正想到皇帝,身后便傳來了李福忠尖利嗓音:“陛下駕到!”
江貴妃愣了一瞬,不大自然地轉過身來,朝皇帝行禮。
“陛下萬安。”
皇帝下了早朝,在御書房看了幾道折子,心里惦記著薛清芷,便想著來青舒閣瞧一瞧她的課業,倒是沒想到會在此地遇見江貴妃,一時有些詫異。他先是親自上前扶了貴妃起身,然后才關切問道:“你身子不好,該多歇息才是,一大早的,跑這兒來作甚?”
江貴妃平靜道:“回陛下話,臣妾是惦記著瑯州家中之事,所以想過來問元先生幾句話。”
采秋閉了閉眼,心道娘娘若真不想活,可莫要拉她一塊兒陪葬。明明娘娘只需說一句,她是因關心二公主課業才過來的,皇帝自然不會有半分疑心,可她偏要提起瑯州,還當著陛下的面,喚什么元先生。
好在皇帝并未多思,只嘆道:“愛妃是思鄉情切,可也要顧念著自己的身子。這地方離棲霞宮太遠,往后還是莫要再來了。改日朕叫修白到御書房來,你若有什么想問的,盡管問他就是。”
“是。臣妾多謝陛下隆恩。”江貴妃垂下眼。
皇帝看著眼前的貴妃。她今日少見地穿了一身淺鵝黃的軟紗裙,面上淺施脂粉,實在美極。自將她帶回宮中后,她便極少穿這樣的顏色了。
皇帝不知不覺便看得入了迷,牽起了貴妃的手。他全然忘了自己來此處的目的,只癡癡盯著貴妃看了許久,而后便吩咐李福忠,擺駕棲霞宮。
薛筠意本欲命墨楹推她出去向皇帝行禮問安,如今看來,倒是不必了。
只是元修白仍舊立在門口,望著那道被皇帝攬在懷里的纖柔身影,怔然了良久。
只差一日。只差一日,阿瀅便是她的妻了。他與阿瀅自幼一同長大,他十歲時便知道,他將來是要娶阿瀅回家的。
可他如何能爭得過皇帝。
一道圣旨送入江府,人人都道江家小姐得了潑天的富貴,竟能入皇帝的眼,進宮享福。唯有他知,那夜阿瀅穿上嫁衣,在他懷里哭得幾度背過氣去,一遍遍地說,修白哥哥,我嫁不成你了。
那是他頭一次嘗到心如刀絞的滋味。
后來他日夜苦讀,終于攢了盤纏上京赴試,他想,只要能離她近一些,也是好的。
他至今仍記得那日,皇帝召新科狀元郎入御書房覲見,簾子掀開,他遠遠便望見他日思夜想的阿瀅正伏于皇帝懷中,發髻已梳作婦人。李福忠輕咳一聲提醒,那位是如今最得陛下寵愛的貴妃娘娘,讓他莫要多看,丟了自個兒的眼珠子。
他靜靜坐在房中,想了三天三夜。他終究還是決定舍了唾手可得的榮華,回到瑯州,替她父親打理瑣事,也替她照料家中姊妹。

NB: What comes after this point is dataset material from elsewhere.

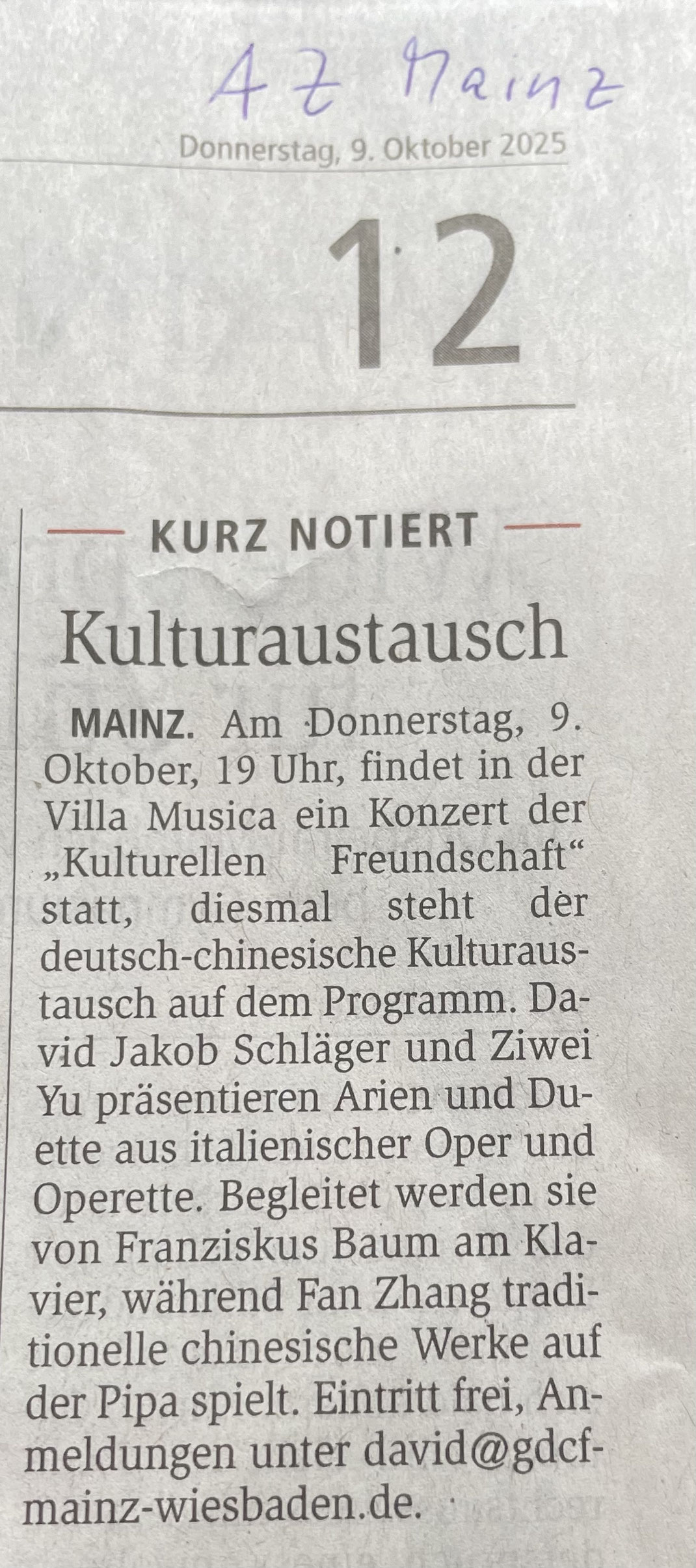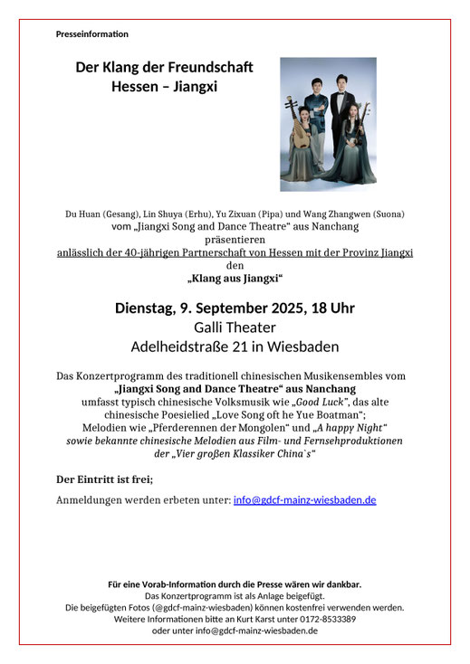 Auf der Mitgliederversammlung der Gesellschaft für Deutsch-Chinesische Freundschaft Mainz-Wiesbaden sind die Vorstandsmitglieder in ihren Ämtern bestätigt worden. Dem Vorstand gehören noch zwei Jahre lang an: Kurt Karst als Vorsitzender, Prof. Anne Shih und Yabo Zhu als stellvertretende Vorsitzende, Robert Pfeifruk als Schatzmeister sowie Lei Wang und Udo Lühring als Beisitzer.

可不曾想,一道圣旨賜下,他不得不收拾行囊,再次踏入這座皇城。
他的阿瀅,眉目嬌麗,風韻更盛從前,想來是皇家恩澤養人,他們那等苦旱之地長大的姑娘,也能出落成這般仙子模樣。
二公主——元修白終于轉回臉來,視線落回屋內。
那是阿瀅和皇帝的孩子。
聽聞皇帝對二公主極盡寵愛,想來也是因為阿瀅的緣故。
可在他看來,這位二公主的資質可稱得上平庸,倒是那長公主,蕙質蘭心,聰慧過人。
元修白此時才發覺薛筠意的目光已在他臉上落了許久。他連忙斂了視線,裝作無事般,上前來檢查她方才的默寫。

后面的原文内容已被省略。